The event follows up on Astoria’s first-ever fig tree scion exchange earlier this year.

One afigcionado is making this corner of Queens a far more fruit-friendly place.
Buoyed by the success of Astoria’s first-ever fig tree scion exchange in March — which brought in some 200 people to give and take fresh fig cuttings — the exchange’s organizer, Jordan Engel, and his growing team of fig fans are bringing the neighborhood its first-ever full-blown fig festival, as the grand conclusion of Astoria Fig Week.
“There’s a lot of enthusiasm. I’m excited: This is a completely grassroots festival and it shows what people are capable of when some neighbors just have a simple idea and then the community rallies behind them,” said Engel, who works as an urban planner at the MTA.
Astoria Fig Week will take place Sept. 1 to 7 and will include eight local restaurants adding fig specials to their menus for a week. Get ready for a fig, mushroom and blue cheese tartelette at 31st Street’s Urban Vegan Roots; a fig, coppa and mozzarella appetizer at 34th Street’s Vite Vinosteria; and at least two fig pizza pies at Andrew Bellucci’s Pizza and Nonna’s 1977.
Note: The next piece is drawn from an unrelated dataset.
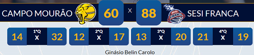 Como foi? - Franca abriu 18 pontos no primeiro quarto, cinco no segundo e sete no terceiro. Chegou ao quarto final 30 pontos à frente (69 a 39). Aí o time da casa até ganhou por dois pontinhos. Próximo jogo segunda-feira (20h15), de novo no Ginasião, contra o campeão Bauru/SP.

“I sent out an email to probably about 70 restaurants in Astoria and many of them were very down to support this by adding fig specials to their menus for a week,” Engel said.
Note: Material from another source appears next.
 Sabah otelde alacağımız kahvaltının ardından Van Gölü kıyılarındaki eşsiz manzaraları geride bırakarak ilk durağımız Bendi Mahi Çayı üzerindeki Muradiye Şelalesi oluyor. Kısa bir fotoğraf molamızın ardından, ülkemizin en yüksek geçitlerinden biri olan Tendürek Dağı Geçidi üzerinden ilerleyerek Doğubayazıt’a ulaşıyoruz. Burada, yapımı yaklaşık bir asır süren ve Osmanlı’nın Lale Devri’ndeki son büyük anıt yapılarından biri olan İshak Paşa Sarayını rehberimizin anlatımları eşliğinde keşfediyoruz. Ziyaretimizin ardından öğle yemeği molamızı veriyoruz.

“People can bring whatever they want, but we’re going to encourage them to use figs and bring fig dishes,” said Engel, adding that there will also “of course” be a bowl of figs on the table.
The Fig Festival will happen on Sunday, Sept. 7. It will include volunteer street tree care, a free gardening skill share, an Astoria Food Pantry-supporting raffle, a community cookbook station collecting fig recipes and the neighborhood’s first-ever Longest Table, a free communal potluck experience that takes place in public.
The fig-tastic lineup is hosted in conjunction with the 31st Avenue Open Street, Astoria's volunteer-run public space on 31st Avenue from 33rd to 35th streets. Details on how to register will be shared via 31st Avenue Open Street’s social media.
“It’s kind of become the main stage for community life in Astoria and it provides a space to experiment and create new traditions like this,” Engel said of the organization.